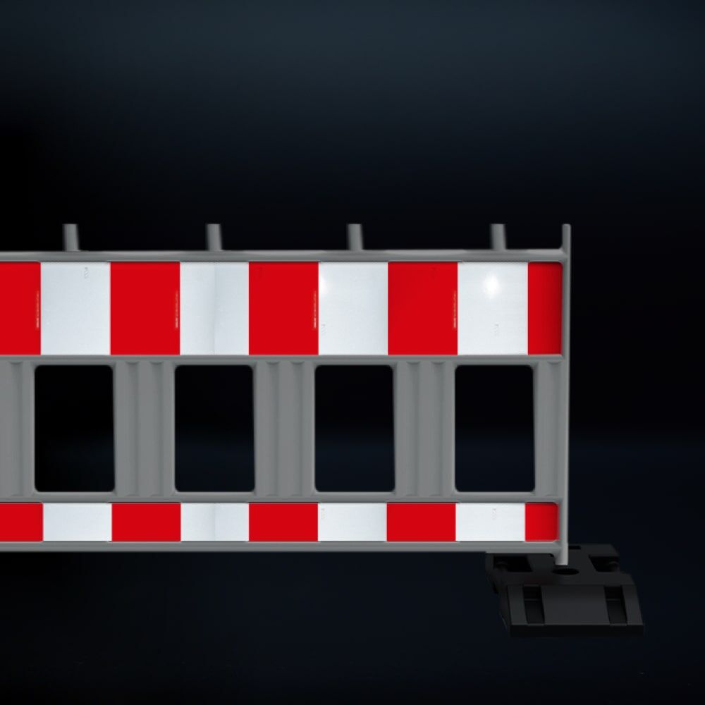 Die Ersatzfolien für Schrankenzäune sind auf 2 m zugeschnitten und passend für den oberen und unteren Bereich der Absperrschranken in den Breiten 250 mm und 100 mm erhältlich.
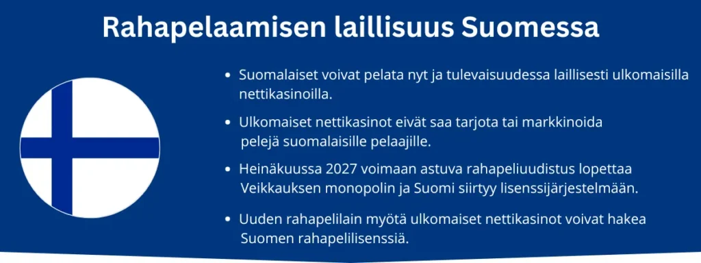 Pelaajana on täysin laillista pelata millä tahansa nettikasinolla. Suomessa ei toistaiseksi ole vielä lisenssiä nettikasinoille, mutta tämä muuttuu vuonna 2027. Tuolloin nettikasinot voivat hakea Suomen lisenssiä ja markkinoida tuotteitaan suomalaisille pelaajille. Uudessa lisenssijärjestelmässäkin, pelaajana sinulla on laillinen oikeus rekisteröityä, pelata ja nostaa voittoja miltä tahansa sinut pelaajaksi hyväksyvältä nettikasinolta.
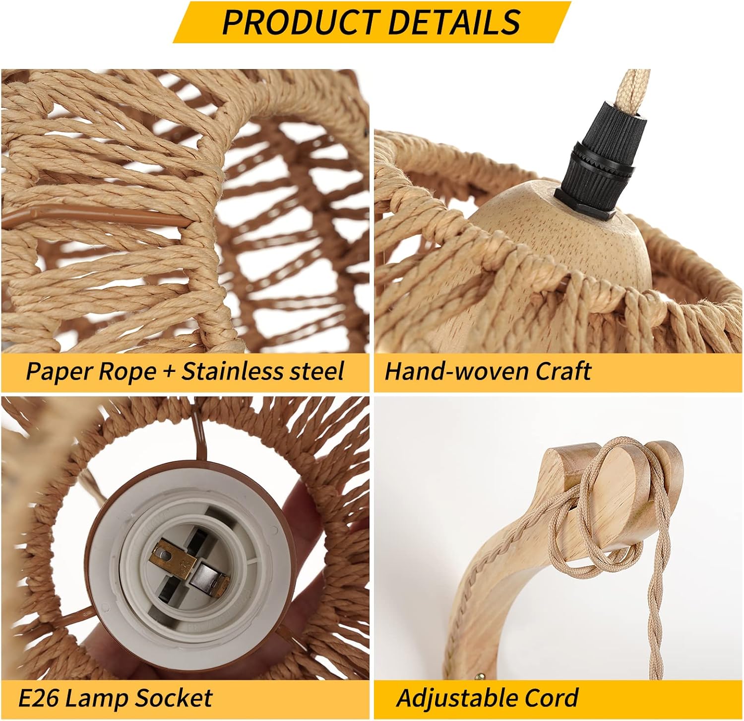 💡【Easy installation】This rattan plug in sconce is very convenient to install.Simple structure design allows you to easily install independently without an electrician.The hand woven lantern lampshade will help to protect the bulbs, safer during usage while maximizes its light.The boho wall sconce has high temperature resistance, anti-aging and high light transmission performance.
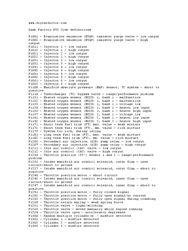 Saab Factory DTC Code definitions

## [Description of the task]
The entire listing is to be printed exactly, with each picture omitted.

## [Worked solution]
 Die Ersatzfolien für Schrankenzäune sind auf 2 m zugeschnitten und passend für den oberen und unteren Bereich der Absperrschranken in den Breiten 250 mm und 100 mm erhältlich.
 Pelaajana on täysin laillista pelata millä tahansa nettikasinolla. Suomessa ei toistaiseksi ole vielä lisenssiä nettikasinoille, mutta tämä muuttuu vuonna 2027. Tuolloin nettikasinot voivat hakea Suomen lisenssiä ja markkinoida tuotteitaan suomalaisille pelaajille. Uudessa lisenssijärjestelmässäkin, pelaajana sinulla on laillinen oikeus rekisteröityä, pelata ja nostaa voittoja miltä tahansa sinut pelaajaksi hyväksyvältä nettikasinolta.
 💡【Easy installation】This rattan plug in sconce is very convenient to install.Simple structure design allows you to easily install independently without an electrician.The hand woven lantern lampshade will help to protect the bulbs, safer during usage while maximizes its light.The boho wall sconce has high temperature resistance, anti-aging and high light transmission performance.
 Saab Factory DTC Code definitions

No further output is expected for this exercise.